■ **Exercise prompt**: Without the pictures, set down everything in the listing exactly.

■ **Exercise input**:
--

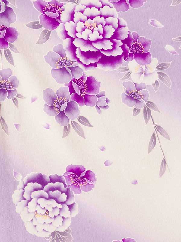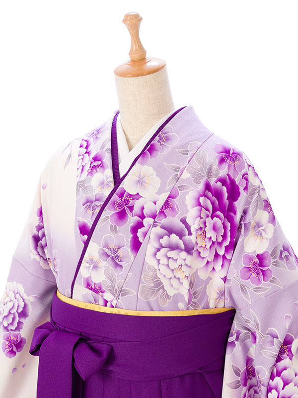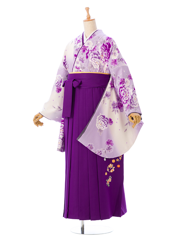 ■着物:紫地白ぼかし 牡丹としだれ桜■袴:紫袴 花の輪 2.5
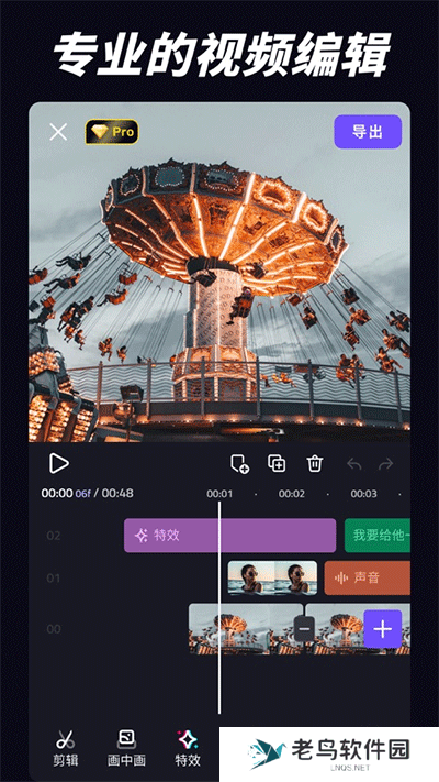 3、内置海量视频剪辑素材库,增添电影级的音效与特效,短视频的画面表现更强。
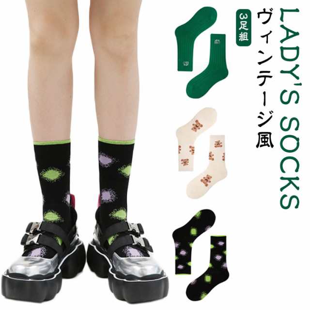 靴下 北欧 靴下 くまさん くまさん くつした 靴下 スニーカーソックス 秋色 3足セット ソックス おしゃれ ソックス ミドル丈 ヴィンテージ風 クルー丈 靴下 レトロ クルーソックス 夏用 靴下 ソックス クマ 靴下 ソックス 秋用 女性用 レディース
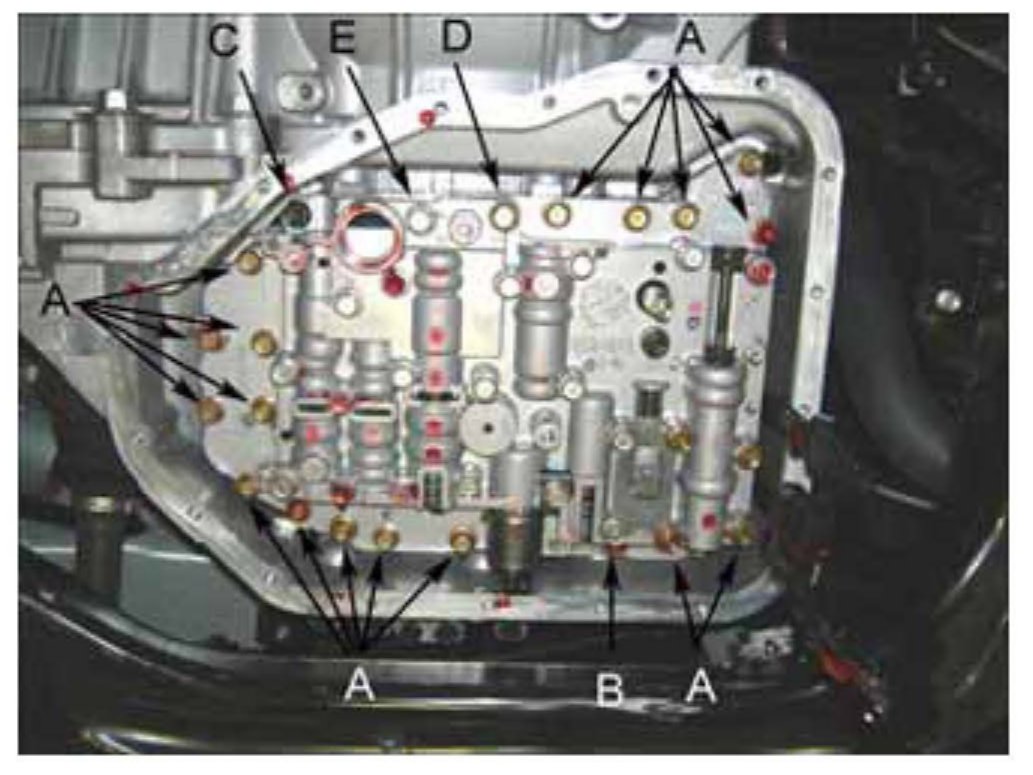 11. Remove the bolts that secure the valve body and carefully lower the valve body.
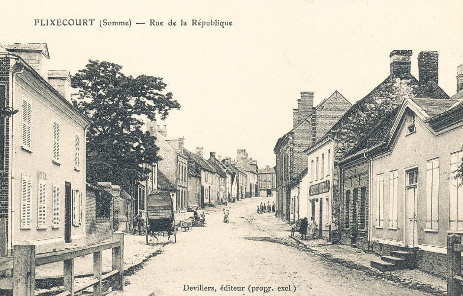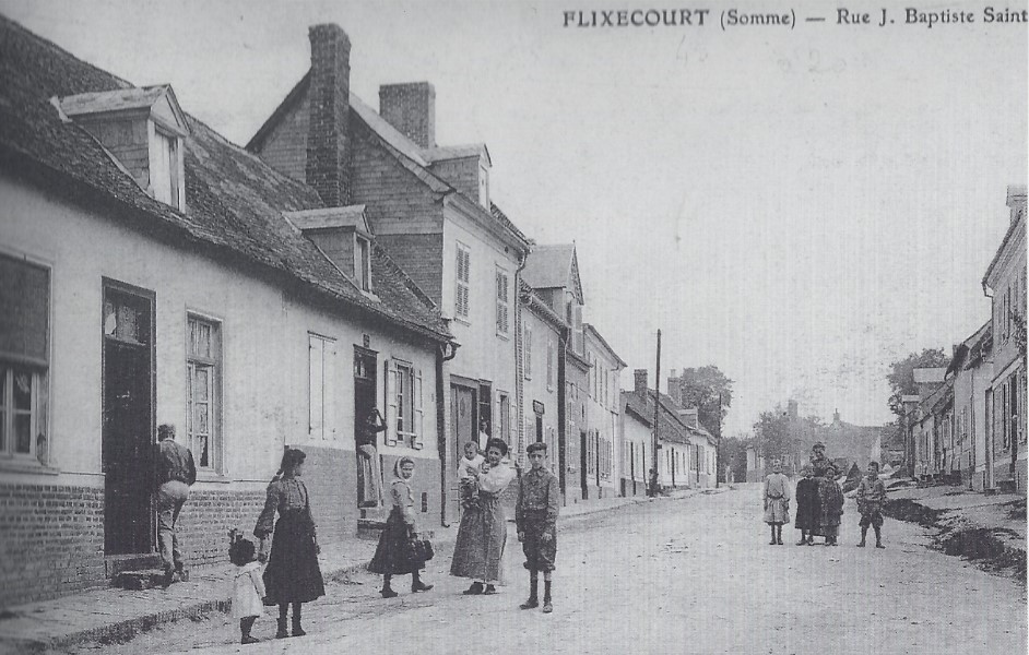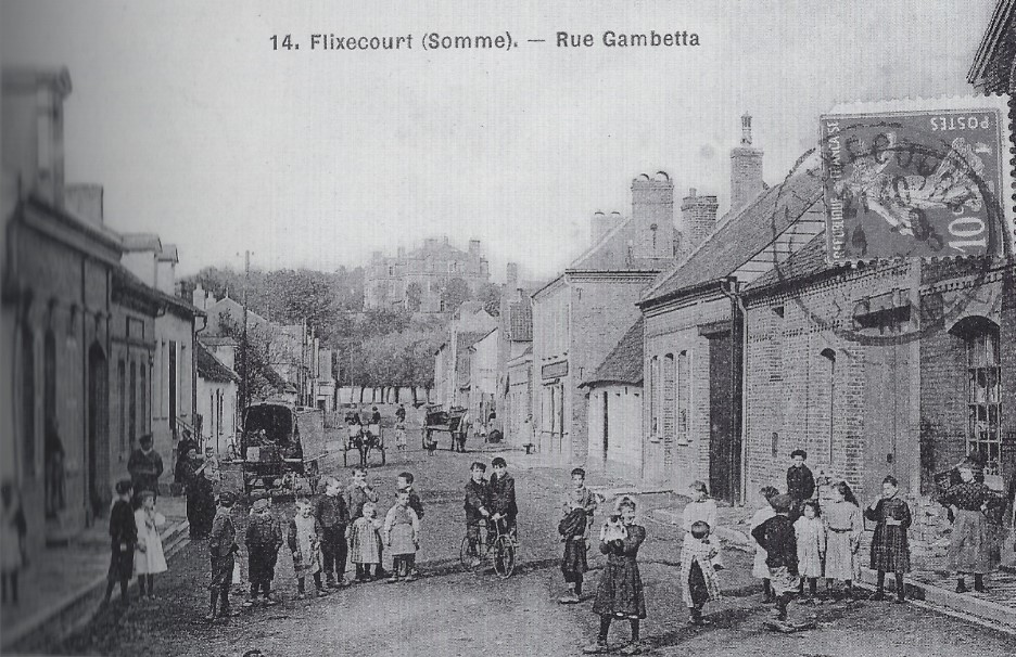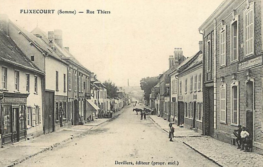 La famille déménage ensuite à Vignacourt, à 7km de Belloy, où Olga, la seule fille de la fratrie naît. Puis, les LECLERCQ trouvent enfin leur point de chute. Ils s’installent à Flixecourt, dans la vallée de la Nièvre. Habitant tout d’abord Rue Malakoff, au creux de la vallée, au pied de la grande route qui va d’Amiens à Abbeville, la famille s’installe ensuite Rue de Strasbourg, à quelques centaines de mètres, sur l’autre rive de la Nièvre. Elie exerce toujours son métier de boulanger. Il est employé chez Montpetit, Rue de la République, puis Rue Thiers.
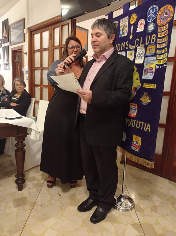 La serata prosegue con l’ingresso di due nuovi soci: Glauco Ferrara dottore, commercialista con studio ad Imperia presentato da Roberta Rota che leggendo il suo curriculum ha sottolineato i valori umani e sociali, e Carlo Palmero comandante di marina in pensione il cui padrino pres. Ostanel ha esaltato le capacità di servire con impegno rendendosi utile nei prossimi services del Matutia.
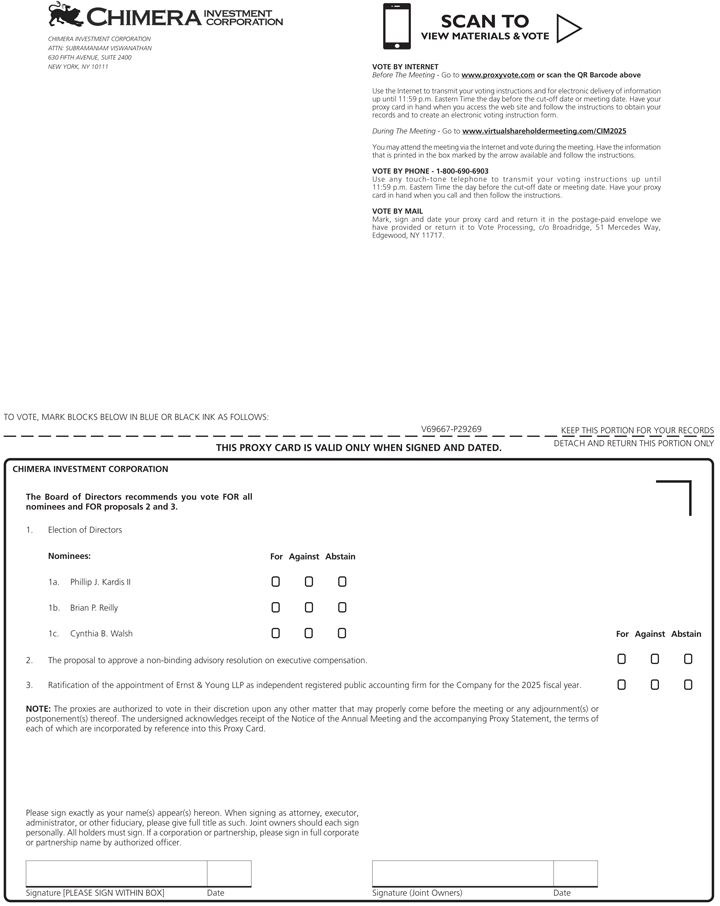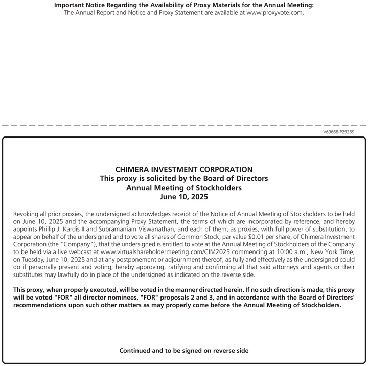 我很高兴地邀请您参加将于美国东部时间2025年6月10日上午10:00举行的马里兰州公司奇美拉投资公司(“Chimera”或“本公司”)的2025年年度股东大会(“年度会议”)。
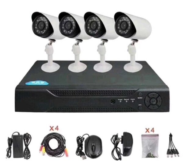 Σύστημα καταγραφικού δικτύου 4 καναλιών, με 4 κάμερες με αισθητήρα κίνησης και πλήρες σετ σύνδεσης.
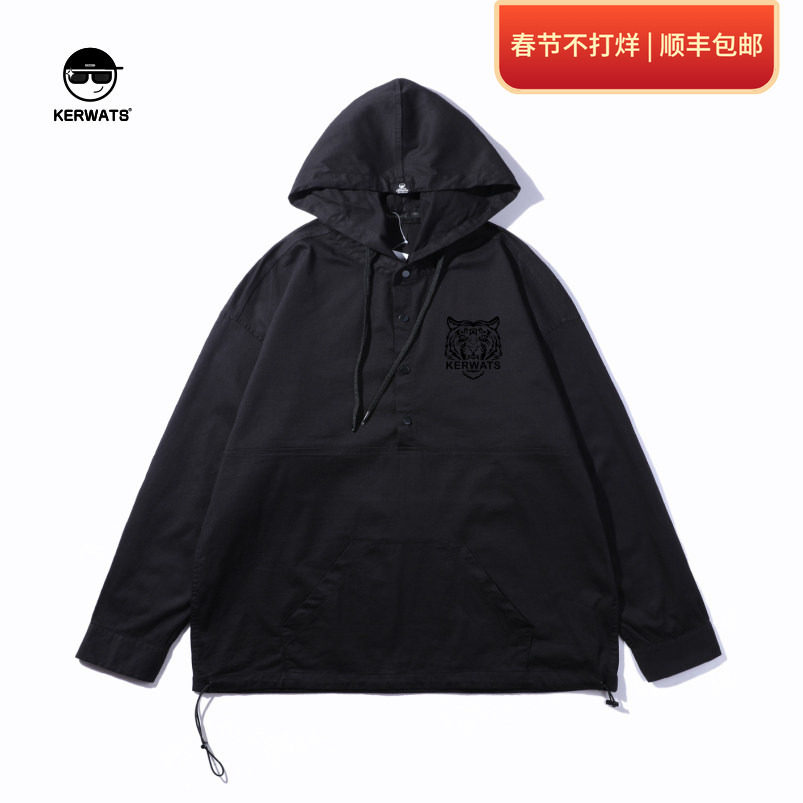5折清仓港风老虎头潮牌印花加肥加大针织衫大码男装黑色带帽衬衫
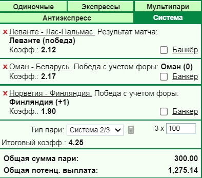 Напоминаем, что ставка типа "Система" принесёт прибыль даже в случае прохода двух позиций из трёх, а ставки вида "Экспресс" можно сделать в нашем виртуальном букмекере, доступном всем зарегистрированным пользователям. Больше статей о ставках, прогнозах, анонсах туров ТОП-чемпионатов и многом другом из мира аналитики на нашем сайте можно найти по этой ссылке.
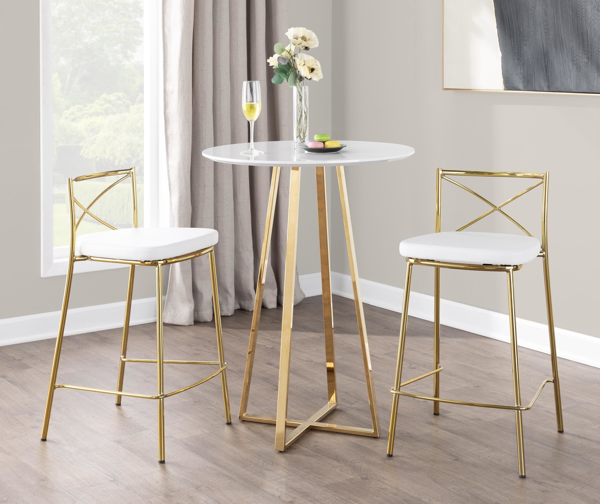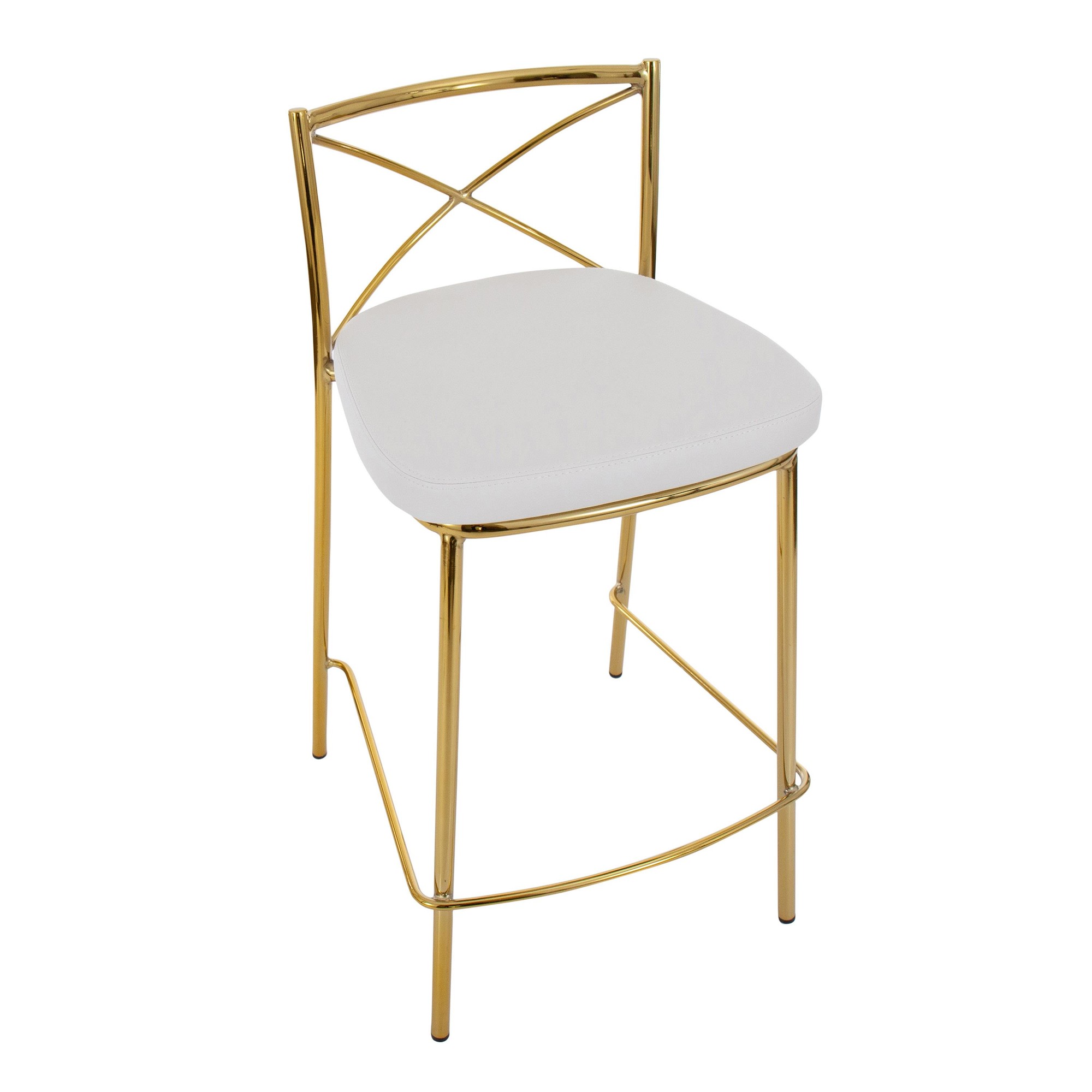 Modern Charlotte Counter Stool – Gold Metal, White PU – Set of 2
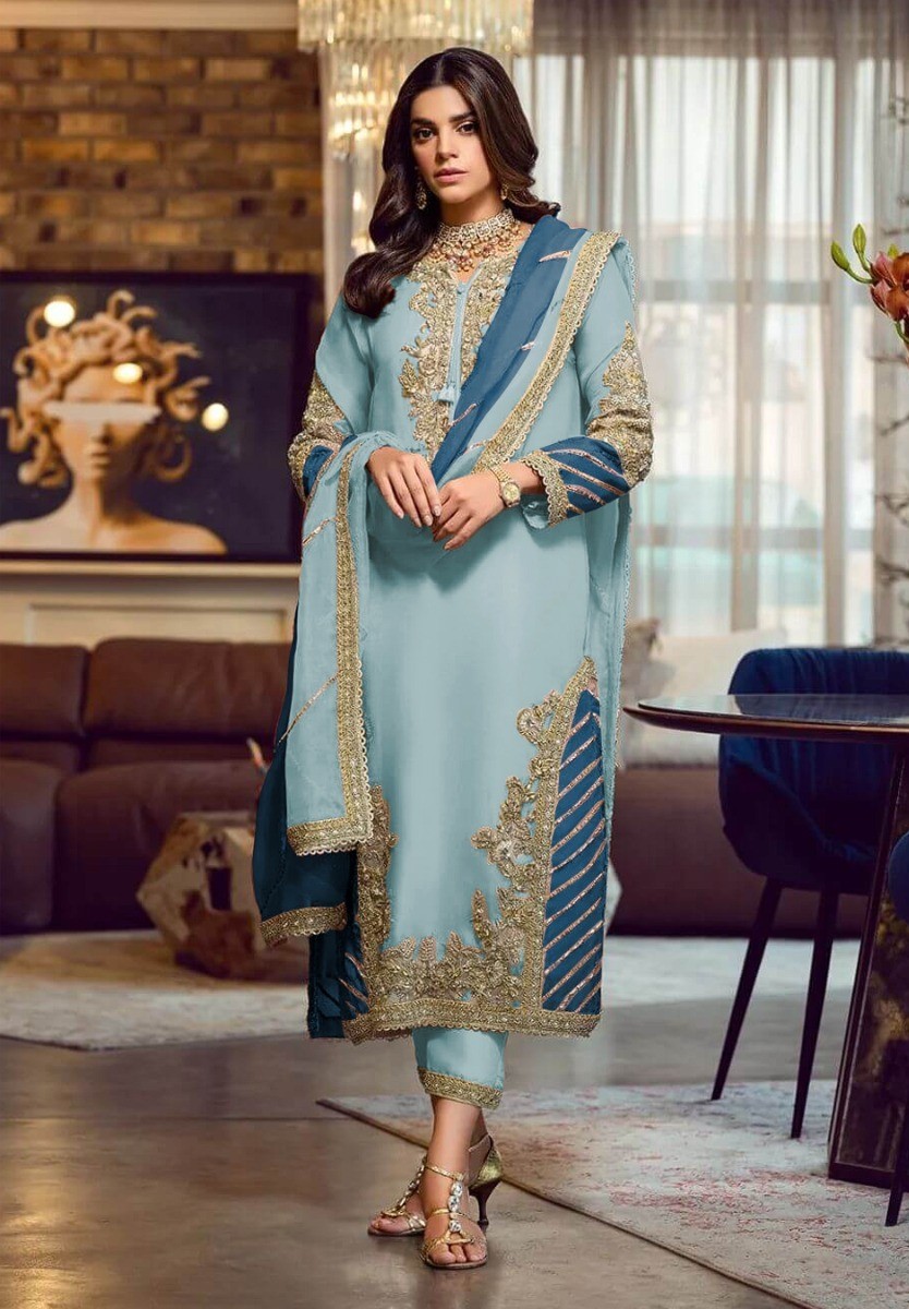 Light Blue Georgette Embroidery Sequence Salwar Suit
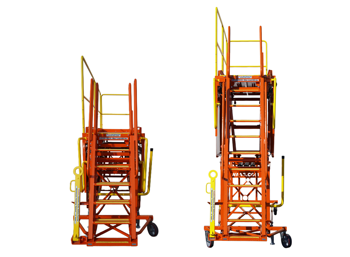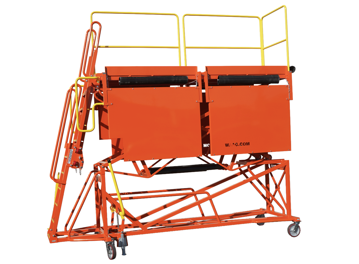 Adjustable Deck: Rises and lowers effortlessly from 62″ to 91″ high, without the use of hydraulics. Adjusts in 5.25″ increments, with safety locking pins
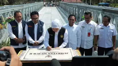 "Saya berterima kasih, kerjasama ini baik dari pemerintah ini membawa percepatan pembangunan sehingga selesai dan bisa dilalui masyarakat," terang Gubernur Jatim, Khofifah Indar Parawansa kepada sejumlah awak media usai menandatangani prasasti peresmian, Rabu (20/9).

--

■ **Your solution**:
 ■着物:紫地白ぼかし 牡丹としだれ桜■袴:紫袴 花の輪 2.5
 3、内置海量视频剪辑素材库,增添电影级的音效与特效,短视频的画面表现更强。
 靴下 北欧 靴下 くまさん くまさん くつした 靴下 スニーカーソックス 秋色 3足セット ソックス おしゃれ ソックス ミドル丈 ヴィンテージ風 クルー丈 靴下 レトロ クルーソックス 夏用 靴下 ソックス クマ 靴下 ソックス 秋用 女性用 レディース
 11. Remove the bolts that secure the valve body and carefully lower the valve body.
 La famille déménage ensuite à Vignacourt, à 7km de Belloy, où Olga, la seule fille de la fratrie naît. Puis, les LECLERCQ trouvent enfin leur point de chute. Ils s’installent à Flixecourt, dans la vallée de la Nièvre. Habitant tout d’abord Rue Malakoff, au creux de la vallée, au pied de la grande route qui va d’Amiens à Abbeville, la famille s’installe ensuite Rue de Strasbourg, à quelques centaines de mètres, sur l’autre rive de la Nièvre. Elie exerce toujours son métier de boulanger. Il est employé chez Montpetit, Rue de la République, puis Rue Thiers.
 La serata prosegue con l’ingresso di due nuovi soci: Glauco Ferrara dottore, commercialista con studio ad Imperia presentato da Roberta Rota che leggendo il suo curriculum ha sottolineato i valori umani e sociali, e Carlo Palmero comandante di marina in pensione il cui padrino pres. Ostanel ha esaltato le capacità di servire con impegno rendendosi utile nei prossimi services del Matutia.
 我很高兴地邀请您参加将于美国东部时间2025年6月10日上午10:00举行的马里兰州公司奇美拉投资公司(“Chimera”或“本公司”)的2025年年度股东大会(“年度会议”)。
 Σύστημα καταγραφικού δικτύου 4 καναλιών, με 4 κάμερες με αισθητήρα κίνησης και πλήρες σετ σύνδεσης.
5折清仓港风老虎头潮牌印花加肥加大针织衫大码男装黑色带帽衬衫
 Напоминаем, что ставка типа "Система" принесёт прибыль даже в случае прохода двух позиций из трёх, а ставки вида "Экспресс" можно сделать в нашем виртуальном букмекере, доступном всем зарегистрированным пользователям. Больше статей о ставках, прогнозах, анонсах туров ТОП-чемпионатов и многом другом из мира аналитики на нашем сайте можно найти по этой ссылке.
 Modern Charlotte Counter Stool – Gold Metal, White PU – Set of 2
 Light Blue Georgette Embroidery Sequence Salwar Suit
 Adjustable Deck: Rises and lowers effortlessly from 62″ to 91″ high, without the use of hydraulics. Adjusts in 5.25″ increments, with safety locking pins
 "Saya berterima kasih, kerjasama ini baik dari pemerintah ini membawa percepatan pembangunan sehingga selesai dan bisa dilalui masyarakat," terang Gubernur Jatim, Khofifah Indar Parawansa kepada sejumlah awak media usai menandatangani prasasti peresmian, Rabu (20/9).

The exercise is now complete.